ACTIVITY — Retype the data below verbatim; pictures do not belong in the copy.
^^^^^^^^
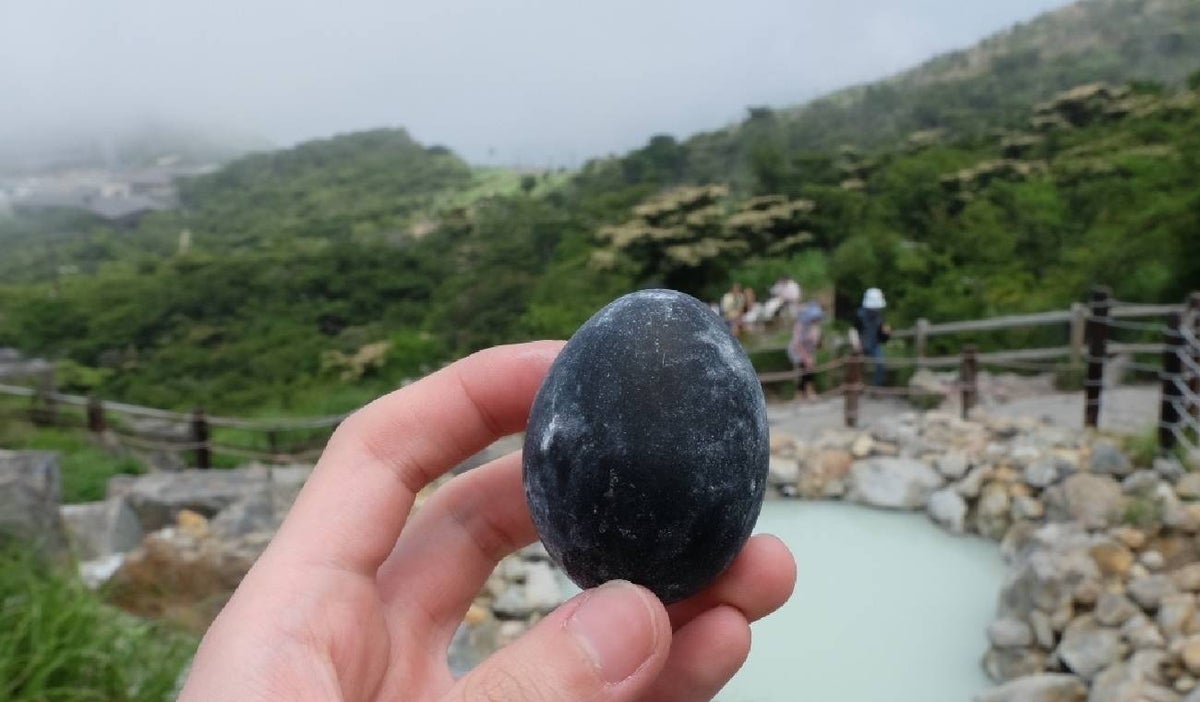 Estos famosos kuro tamago son huevos de gallina de color blaco, pero se ponen de este color oscuro cuando son hervidos en las sulfurosas aguas del Owakudani, un valle volcánico a unos 80 kilómetros de Tokio en dirección sudoeste, Japón.
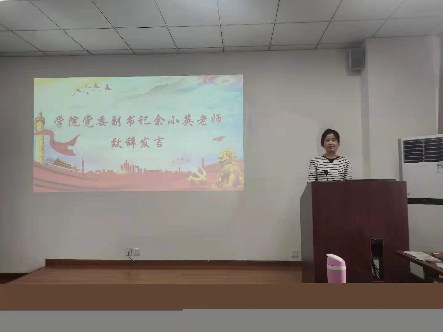 党委副书记余小英老师致辞发言。她谈到,历史是最好的教科书,加强党史学习有助于青年学子更好地理解中国共产党团结带领人民艰苦奋斗、砥砺前行的光辉历程。学生党员秉持“加强党史学习,追溯入党初心”的信念,深入学习党史,用赤诚之心诉说党的故事。
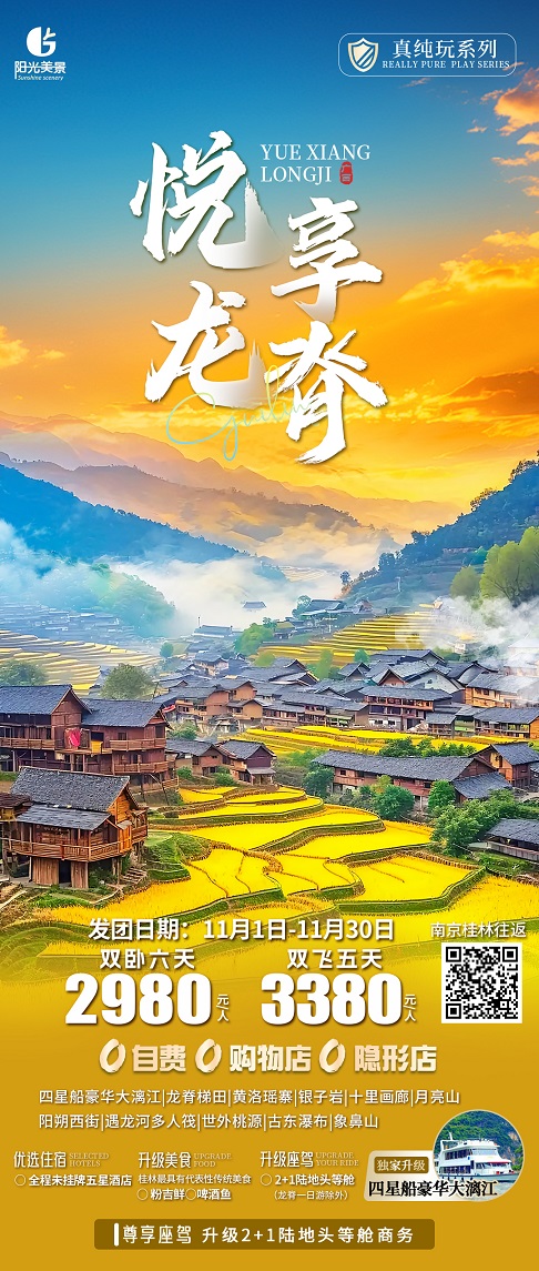 用车:桂林当地空调VIP旅游车,每人一正座(21座以下的车型均无行李箱);
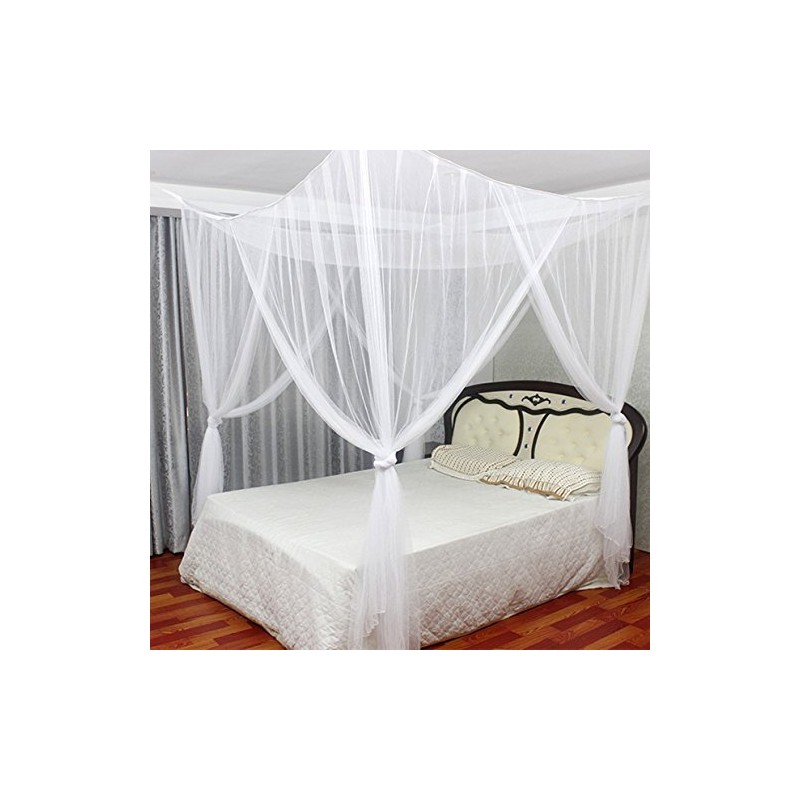 MAGILONA Home 4 Corner Hanging Bed Canopy Cover Net Bedding or Outdoors Netting Fit Twin, Full, Queen, King Bed Protection Bedroom Decorative(White)
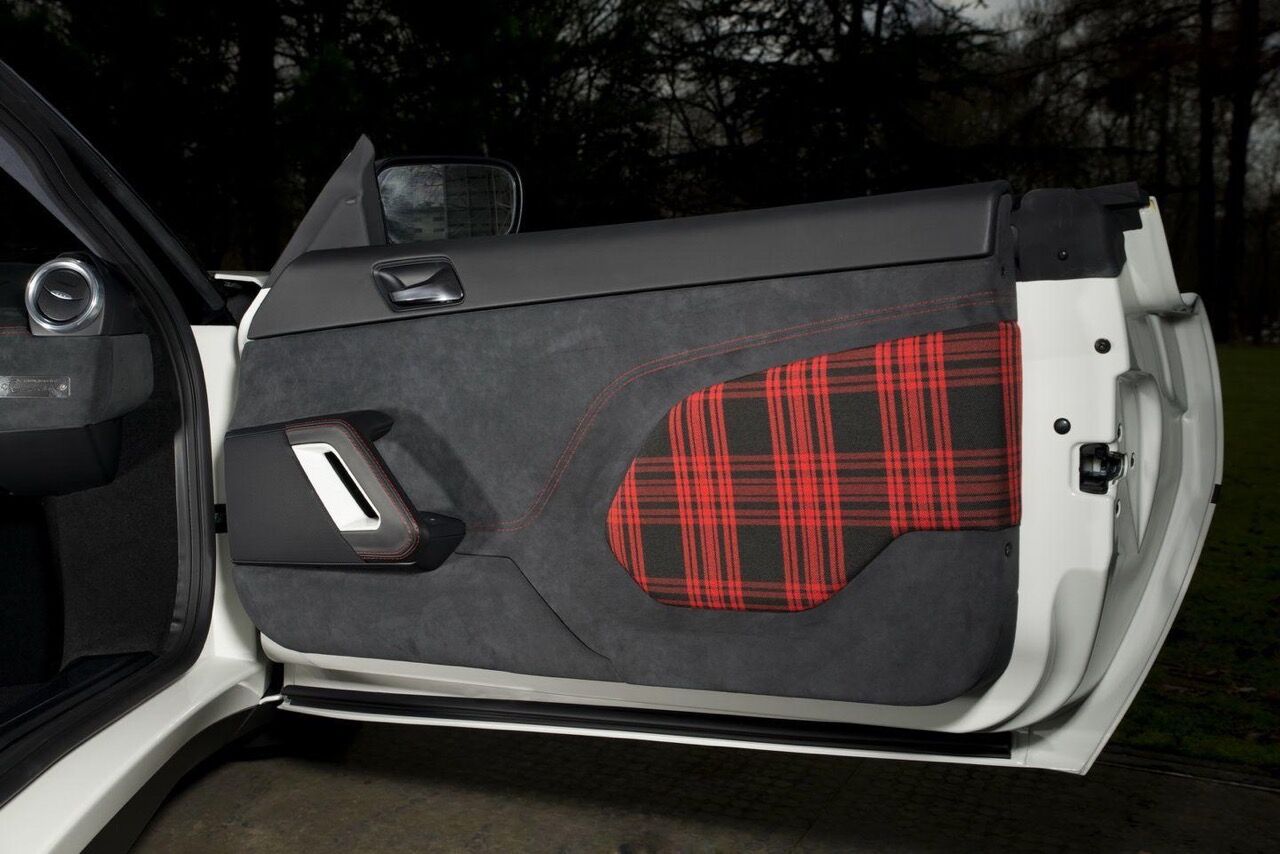 Más espectacular (a la vez que retro) en este Evora es el interior. Partes de ambos asientos y los paneles de las puertas están tapizadas una tela estilo tartán En la consola central y el tablero es
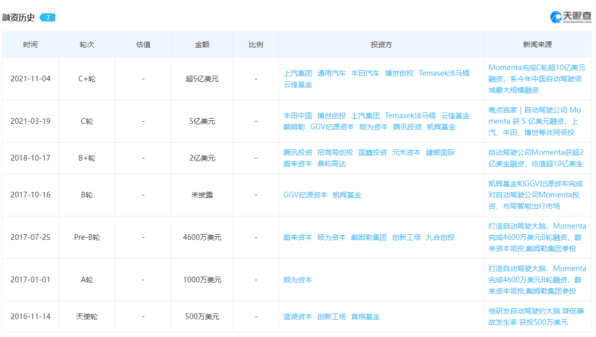 (天眼查数据:Momenta融资历史)
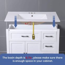 36 in. W x 18.3 in. D Ceramic Rectangular Vanity Top in White, Square Corner Basin, 4 in. Faucet Hole Predrilled 90E-3$50Santa Fe Springs, CA
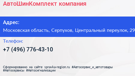 АвтоШинКомплект, компания по адресу Московская область, Серпухов, Центральный переулок, 29 в дальнейшем Организация, размещена в следующих категориях:
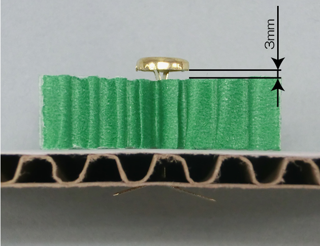 ⑥割りピンをカラーダンボールとの間に3mmほどのすき間ができるように片面白ダンボールにさします。
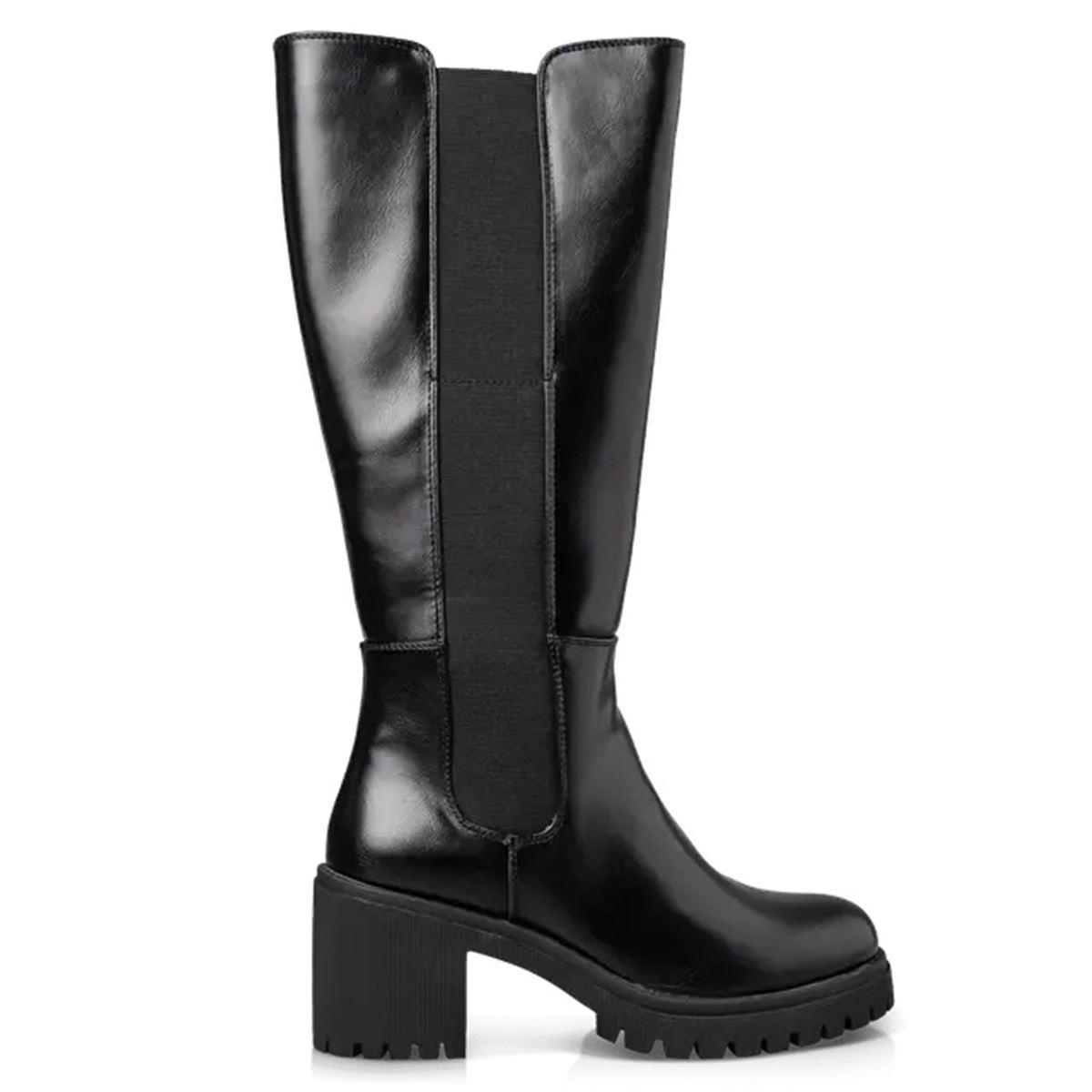 Γυναικείες μπότες της εταιρείας ENVIE με φερμουάρ και λάστιχο στα πλαϊνά, για να εφαρμόζουν εύκολα σε όλα τα πόδια. Είναι κατασκευασμένες εξωτερικά από μαλακό, συνθετικό δέρμα άριστης ποιότητας, ενώ εσωτερικά έχουν ύφασμα στη φόδρα και στο πατάκι έχουν συνθετικό δέρμα. Η σόλα είναι ελαστική, αντιολισθητική, με ύψος 8 εκ. πίσω και 3 εκ. μπροστά. Το ύψος της γάμπας είναι 35 εκ. (από την φτέρνα και στο νούμερο 37). Διαθέτουν ανατομικό, αφρώδες πέλμα για άνετο βάδισμα. Ταιριάζουν με πολλά outfits και φοριούνται από το πρωί έως το βράδυ.
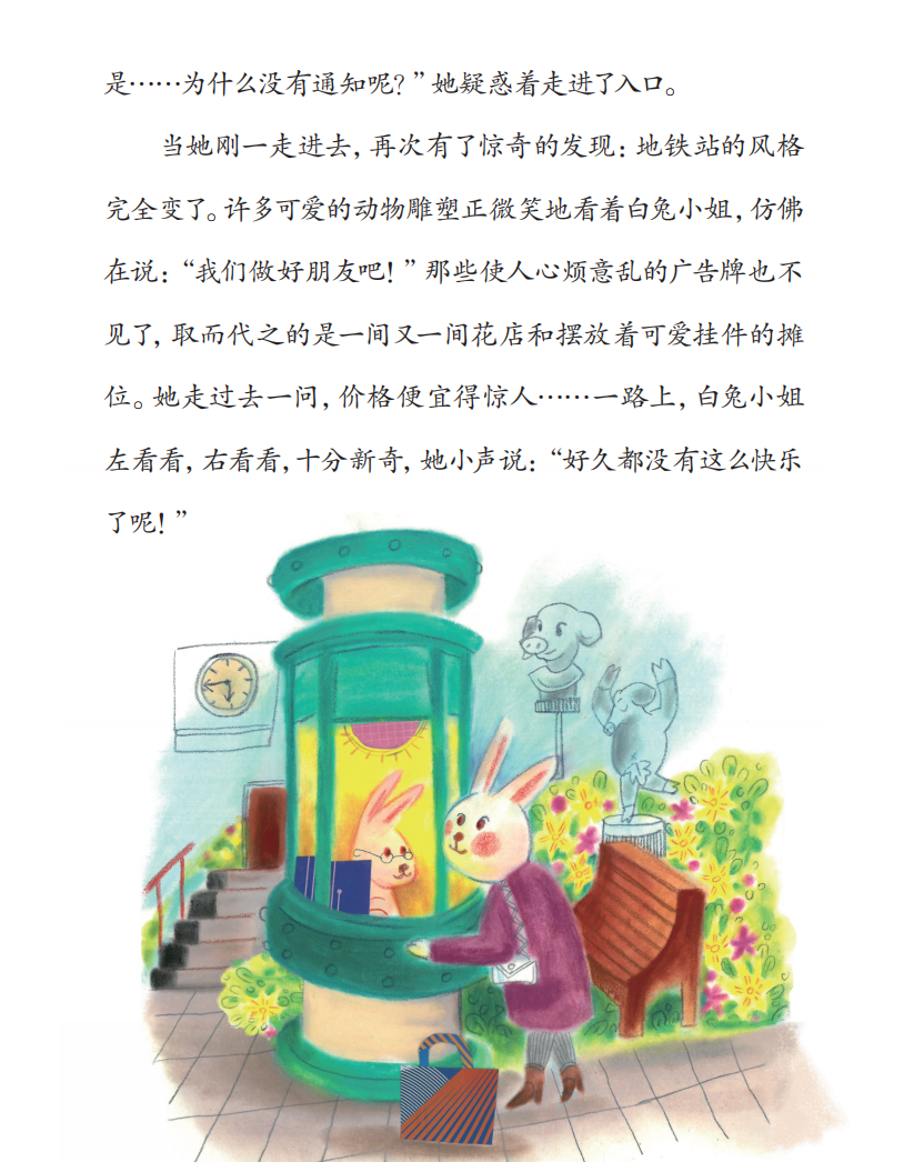 傍晚,当夕阳的最后一抹红色消失时,森林的夜晚来临了。白兔小姐拖着工作了一天的、疲乏的身体,来到了森林地铁站。没想到,硬邦邦、冷冰冰的森林地铁站大变样,她还登上了一辆神秘的、开满了鲜花的列车……
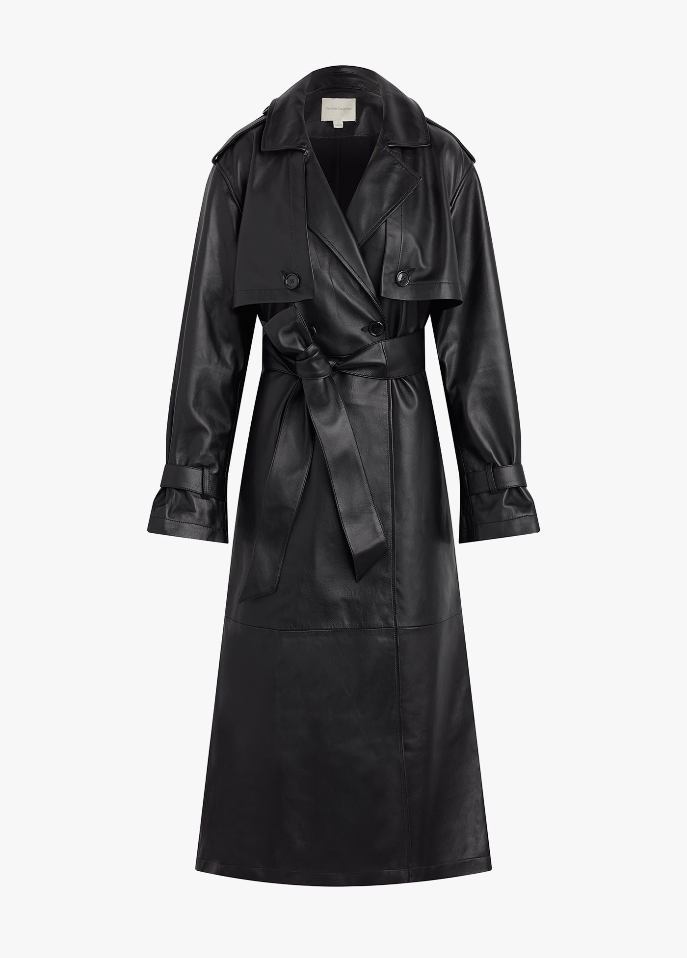 A trench to stand the test of time. The timeless cut of The Charles Trench will make it the most chic and classic article of clothing in your closet. It's cut from beautiful leather with a slightly boxy silhouette and cinchable waist belt. The double-breasted style is finished with faux horn buttons.
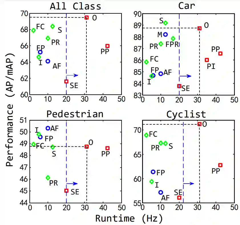 图 2 KITTI测试集上的速度-精度对比图,其中O为HVNet
^^^^^^^^
ANSWER TO THIS EXERCISE —
 Estos famosos kuro tamago son huevos de gallina de color blaco, pero se ponen de este color oscuro cuando son hervidos en las sulfurosas aguas del Owakudani, un valle volcánico a unos 80 kilómetros de Tokio en dirección sudoeste, Japón.
 党委副书记余小英老师致辞发言。她谈到,历史是最好的教科书,加强党史学习有助于青年学子更好地理解中国共产党团结带领人民艰苦奋斗、砥砺前行的光辉历程。学生党员秉持“加强党史学习,追溯入党初心”的信念,深入学习党史,用赤诚之心诉说党的故事。
 用车:桂林当地空调VIP旅游车,每人一正座(21座以下的车型均无行李箱);
 MAGILONA Home 4 Corner Hanging Bed Canopy Cover Net Bedding or Outdoors Netting Fit Twin, Full, Queen, King Bed Protection Bedroom Decorative(White)
 Más espectacular (a la vez que retro) en este Evora es el interior. Partes de ambos asientos y los paneles de las puertas están tapizadas una tela estilo tartán En la consola central y el tablero es
 (天眼查数据:Momenta融资历史)
 36 in. W x 18.3 in. D Ceramic Rectangular Vanity Top in White, Square Corner Basin, 4 in. Faucet Hole Predrilled 90E-3$50Santa Fe Springs, CA
 АвтоШинКомплект, компания по адресу Московская область, Серпухов, Центральный переулок, 29 в дальнейшем Организация, размещена в следующих категориях:
 ⑥割りピンをカラーダンボールとの間に3mmほどのすき間ができるように片面白ダンボールにさします。
 Γυναικείες μπότες της εταιρείας ENVIE με φερμουάρ και λάστιχο στα πλαϊνά, για να εφαρμόζουν εύκολα σε όλα τα πόδια. Είναι κατασκευασμένες εξωτερικά από μαλακό, συνθετικό δέρμα άριστης ποιότητας, ενώ εσωτερικά έχουν ύφασμα στη φόδρα και στο πατάκι έχουν συνθετικό δέρμα. Η σόλα είναι ελαστική, αντιολισθητική, με ύψος 8 εκ. πίσω και 3 εκ. μπροστά. Το ύψος της γάμπας είναι 35 εκ. (από την φτέρνα και στο νούμερο 37). Διαθέτουν ανατομικό, αφρώδες πέλμα για άνετο βάδισμα. Ταιριάζουν με πολλά outfits και φοριούνται από το πρωί έως το βράδυ.
 傍晚,当夕阳的最后一抹红色消失时,森林的夜晚来临了。白兔小姐拖着工作了一天的、疲乏的身体,来到了森林地铁站。没想到,硬邦邦、冷冰冰的森林地铁站大变样,她还登上了一辆神秘的、开满了鲜花的列车……
 A trench to stand the test of time. The timeless cut of The Charles Trench will make it the most chic and classic article of clothing in your closet. It's cut from beautiful leather with a slightly boxy silhouette and cinchable waist belt. The double-breasted style is finished with faux horn buttons.
 图 2 KITTI测试集上的速度-精度对比图,其中O为HVNet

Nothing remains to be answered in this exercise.